• **Exercise**: Although the data below contains pictures, output only the lines between those holding "Утром на одной" and "Огнем повреждена мебель и закопчены стены.", inclusive, exactly and without those pictures.

• **Data records**:

"""

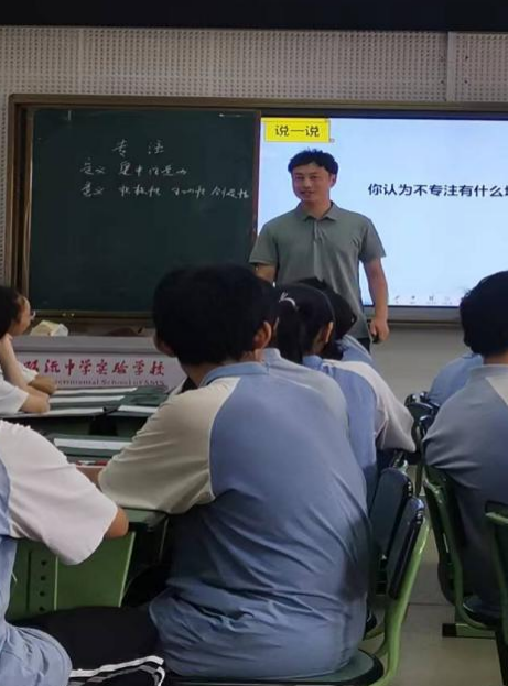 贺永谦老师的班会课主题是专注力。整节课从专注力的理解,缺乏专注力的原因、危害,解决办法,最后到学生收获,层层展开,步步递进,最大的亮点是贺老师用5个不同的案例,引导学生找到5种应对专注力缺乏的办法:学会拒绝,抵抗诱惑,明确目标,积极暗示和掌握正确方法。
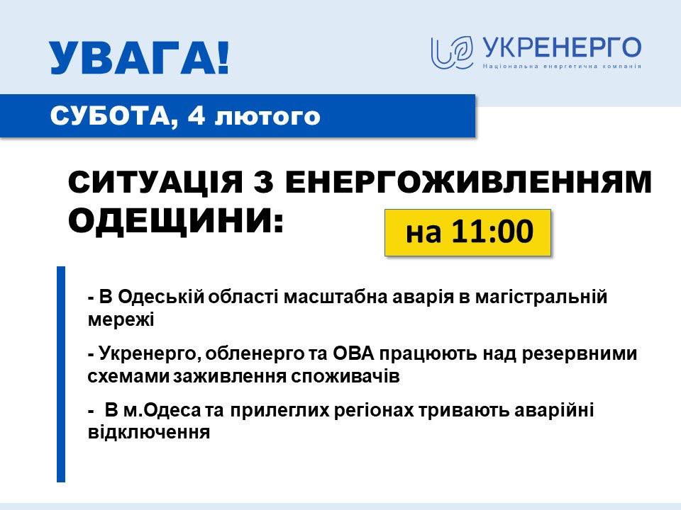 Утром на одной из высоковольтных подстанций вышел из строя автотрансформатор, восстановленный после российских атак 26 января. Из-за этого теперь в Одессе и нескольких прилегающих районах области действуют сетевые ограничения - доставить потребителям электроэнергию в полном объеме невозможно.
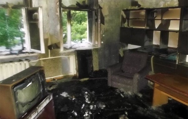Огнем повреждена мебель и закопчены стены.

"""
"""

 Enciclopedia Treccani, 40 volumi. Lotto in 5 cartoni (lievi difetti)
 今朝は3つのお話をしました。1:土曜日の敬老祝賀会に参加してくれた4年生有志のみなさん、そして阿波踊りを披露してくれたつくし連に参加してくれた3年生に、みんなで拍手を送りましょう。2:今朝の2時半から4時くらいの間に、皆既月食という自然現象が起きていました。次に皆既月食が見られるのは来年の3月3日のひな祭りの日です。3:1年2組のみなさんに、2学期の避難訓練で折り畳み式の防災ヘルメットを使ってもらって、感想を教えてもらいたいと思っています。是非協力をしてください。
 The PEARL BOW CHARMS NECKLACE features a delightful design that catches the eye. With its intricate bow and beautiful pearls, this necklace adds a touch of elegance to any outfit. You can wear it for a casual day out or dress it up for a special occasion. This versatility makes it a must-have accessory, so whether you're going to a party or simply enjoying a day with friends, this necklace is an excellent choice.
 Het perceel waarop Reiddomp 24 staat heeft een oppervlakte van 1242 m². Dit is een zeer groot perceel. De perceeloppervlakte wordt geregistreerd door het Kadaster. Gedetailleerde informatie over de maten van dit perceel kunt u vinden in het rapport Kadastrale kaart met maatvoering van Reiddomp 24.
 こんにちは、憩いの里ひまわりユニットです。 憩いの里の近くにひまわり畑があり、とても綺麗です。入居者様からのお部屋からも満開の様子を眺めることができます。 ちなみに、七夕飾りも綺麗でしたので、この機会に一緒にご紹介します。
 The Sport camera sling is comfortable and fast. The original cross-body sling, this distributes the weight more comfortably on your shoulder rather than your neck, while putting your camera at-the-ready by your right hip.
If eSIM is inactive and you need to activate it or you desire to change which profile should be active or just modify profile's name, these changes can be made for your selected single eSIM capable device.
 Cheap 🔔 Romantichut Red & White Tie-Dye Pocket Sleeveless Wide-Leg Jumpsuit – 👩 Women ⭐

"""

• **Solved problem**:
 Утром на одной из высоковольтных подстанций вышел из строя автотрансформатор, восстановленный после российских атак 26 января. Из-за этого теперь в Одессе и нескольких прилегающих районах области действуют сетевые ограничения - доставить потребителям электроэнергию в полном объеме невозможно.
Огнем повреждена мебель и закопчены стены.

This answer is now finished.